The rate for black men is even higher: 17.5 percent (which is up .5 percent from a year ago).

The question is, what explains the racial jobs crisis? According to Andy Kroll, the phenomenon of last-hired, first-fired explains may explain “the soaring numbers of unemployed African Americans, but not the yawning chasm between the black and white employment rates.”

It’s a problem that spans generations, goes remarkably unnoticed, and condemns millions of black Americans to a life of scraping by. That unerring, unchanging gap between white and black employment figures goes back at least 60 years. It should be a scandal, but whether on Capitol Hill or in the media it gets remarkably little attention. Ever.

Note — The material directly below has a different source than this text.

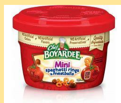
Single serve pasta cups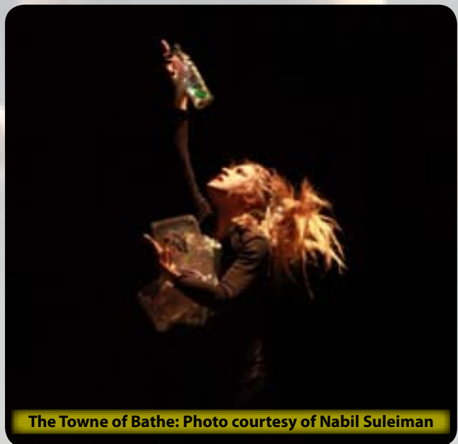
The Towne of Bathe

The unemployment lines run through history like a pair of train tracks. Since the 1940s, the jobless rate for blacks in America has held remarkably, if grimly, steady at twice the rate for whites. The question of why has vexed and divided economists, historians, and sociologists for nearly as long.

Here’s what the gap looks like from 1950 to 2005:

source

Kroll’s view is that the gap persists because of two major factors: high incarceration rates for black men and continuing racial discrimination. The findings of recent experimentsby sociologist Devah Pager and others

proved a powerful antidote to the growing notion, mostly in conservative circles, that discrimination was an illusion and racism long eradicated. In The Content of Our Character (1991), Shelby Steele argued that racial discrimination no longer held black men or women back from the jobs they wanted; the problem was in their heads. Dinesh D’Souza, a first-generation immigrant of Indian descent, published The End of Racism in 1995, similarly claiming racial discrimination had little to do with the plight of black America.

Not so, insist Pager, Darity, Harvard’s Bruce Western, and other academics using real data with an unavoidable message: racism is alive and well. It leads to endemic, deeply embedded patterns of discrimination whose harmful impact has barely changed in 60 years. And it cannot be ignored. As the old African-American adage puts it, “You’ve got to work twice as hard to get half as far as a black person in white America.”

Notwithstanding Obama’s election, racism persists in America. And we can’t say there’s a real economic recovery until the jobs crisis—the overall jobs crisis and the racial jobs crisis—are solved.